Vingt années sont passées donc et Laurie Strode, devenue entre-temps directrice d’un campus universitaire coule des jours paisibles depuis les massacres de Haddonfield. Laurie a un un compagnon, une sorte de George Clooney en moins bien, et un fils John interprété par le tout nouveau Josh Hartnett dans son premier rôle au cinéma. Celui-ci ressent à la veille d’Halloween de furieuses envies de faire les 400 coups au grand désespoir de sa mère pour qui la fête des morts reste une date anniversaire redoutée.

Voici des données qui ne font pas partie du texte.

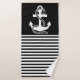 La serviette élégante de bain décorative présente des rayures noires et blanches nautiques avec une illustration du vecteur d'ancrage blanc sur un arrière - plan noir que vous pouvez facilement changer de couleur. Objets correspondants disponibles dans notre magasin.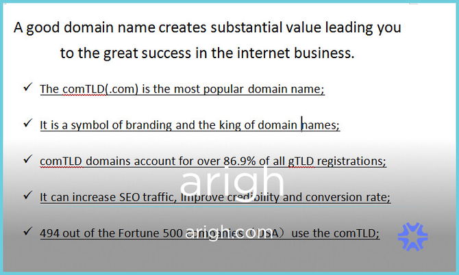 arigh.com and other names on Atom Marketplace do not include Trademarks or business registration. This is because Trademarks are unique to the industry (class) as well as country of the business. Since arigh.com can be purchased by anyone for any use, it would not be possible for us to file a Trademark in advance.

A juste titre puisque notre Michael Myers se fait la belle et tombe sur le dossier médical de Laurie Strode connaissent ainsi sa nouvelle fonction et adresse. Voici donc notre joyeux boogeyman s’invitant au campus pour faire la peau à quelques ados « screamesques ».

Laurie ne se doute de rien, embrumée qu’elle est dans les vapeurs d’alcool, mais ressent tout doucement la présence de son tueur de frère. Elle qui se faisait passer pour morte c’est plutôt raté ! Et ici plus de docteur Loomis pour l’aider. On remarquera d’ailleurs la drôle, furtive mais sympathique apparition de Janet Leigh donnant conseil à notre Laurie.

Et commence alors une longue série de « Bouh t’as peur !!! » et de reflets esthétiquement réussis de Myers dans les différents miroirs qu’il rencontre. Le massacre commence dans une scène de monte-charges plutôt réussie qui sera en fait la seule scène relativement flippante du film. L’autre scène intéressante est celle où Laurie Strode et Myers se regardent de chaque côté d’une vitre pour la première fois depuis vingt ans.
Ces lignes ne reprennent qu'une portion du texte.